Reputation: 42822
I write some testing code before using Proc::Daemon
, what my testing code is like:
#! /usr/bin/perl
use strict;
use warnings;
use Proc::Daemon;
Proc::Daemon::Init();
my $continue = 1;
$SIG{TERM} = sub { $continue = 0 ; }
while ( $continue ) {
sleep(5) ;
&greeting ;
}
sub greeting {
open ( FH, ">>/home/daogu/foo" ) or die "can't open it" ;
print FH "hello word\n" ;
close FH ;
}
After I start up the toy daemon, I found nothing actually has been written to "foo
". could anybody explains why does this happen? thanks.
Upvotes: 4
Views: 1221
Reputation: 19705
First, you need a semi-colon to terminate the assignment on line 9:
$SIG{TERM} = sub { $continue = 0 ; };
Until I added that, your program wouldn't even run, so I'm guessing you have that in the script and missed it here.
Beyond that, I suspect that Guss is right, and you have permission problems. Here's a way to check.

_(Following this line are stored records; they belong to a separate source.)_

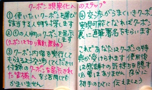 このクーポンは冊子のままで提示せねばならず、切り離すとクーポン内容は無効となり、その特典を受けることは出来ません。このページに田中さんから直筆のサインをいただく時、横のクーポン内容が田中さんに知られることとなります。ここに、ひとつのメリットがあるのです。
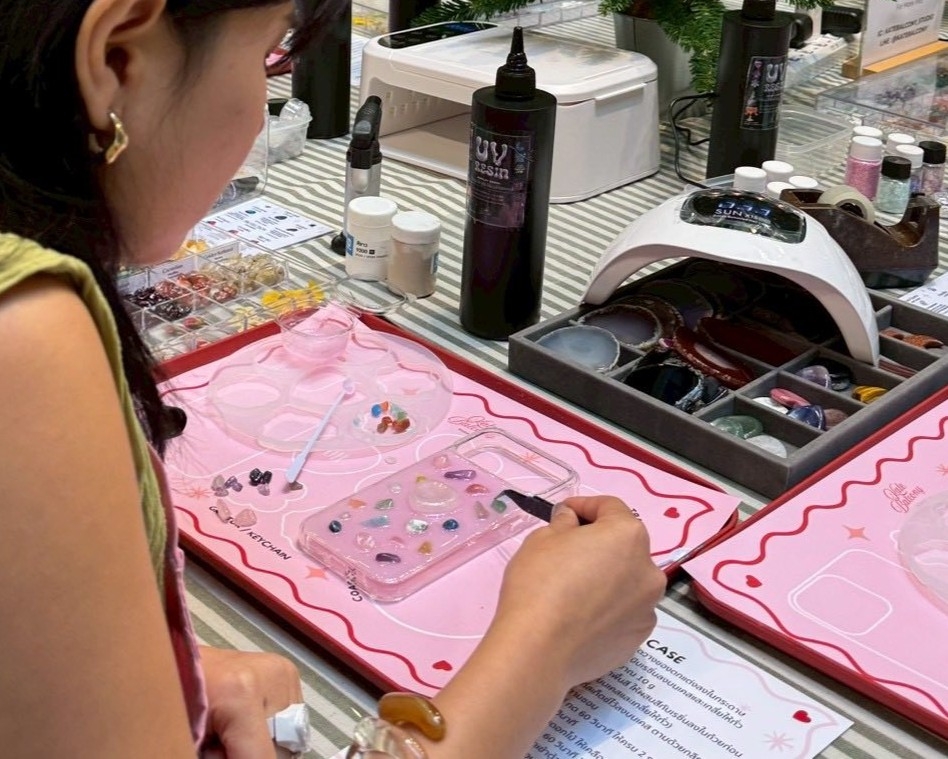 ภายในเวิร์กช็อป ผู้เข้าร่วมจะได้เลือกอัญมณีที่คัดสรรมาอย่างพิถีพิถัน ซึ่งแต่ละชนิดมีความหมายเฉพาะตัว ทั้งด้านความรัก การปกป้อง หรือการเสริมพลังความมั่นใจ ก่อนนำมาจัดวางดีไซน์ในแบบที่สะท้อนตัวตน และปิดผลงานด้วยเรซินใส กลายเป็นเคสโทรศัพท์ชิ้นพิเศษที่มีเพียงหนึ่งเดียว พร้อมพกพาความหมายดี ๆ ไปได้ในทุกวัน
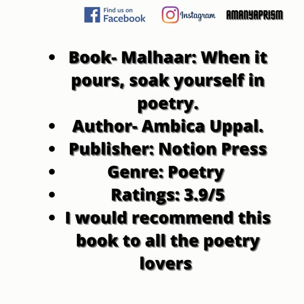 💮 Malhaar Was a Collection of verse beautifully penned by the author Ambica Uppal, in a very easy way so everyone can relate to the poetry.
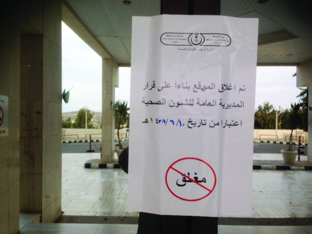 إشعار بالإغلاق من قبل مديرية الشؤون الصحية بالمنطقة.

Open a separate terminal and run top
. Start the daemon script, and you will see a Perl process show up. If the problem is permissions, you will quickly see the Perl process disappear. The script dies in the subroutine, but your attempt at a helpful error message never shows up since the daemon has no access to your terminal at that point.
A quick way to vary this test is change die
to warn
in the subroutine. If you do so, the daemon will continue to run forever (check the terminal running top
to confirm this). But if the problem is permissions, you still won't see a file get created or written to.
Edit: Yup, permissions trouble + no access to STDERR = a dead, silent daemon. Try this version, but make sure that you can write to the log you switch in for STDERR:
Proc::Daemon::Init();
my $continue = 1;
$SIG{TERM} = sub { $continue = 0 ; };
while ( $continue ) {
sleep(5);
greeting();
}
sub greeting {
open STDERR, '>>', '/Users/telemachus/log'
or die "Can't reopen STDERR to log: $!";
open my $fh, '>>', '/usr/local/foo'
or warn "Can't open /usr/local/foo for writing: $!";
print $fh "hello word\n";
close $fh;
}
You are likely to see a whole lot of this in your log:
Can't open foo for writing: Permission denied at daemon line 21. print() on closed filehandle $fh at daemon line 22.
Upvotes: 7
Reputation: 32335
Your script looks fine to me. Most likely the problem is just file permissions - make sure that you have write access to the directory where the file is supposed to be created, or if the file already exists that you have write access to the file itself.
I run your script on my machine and it works fine.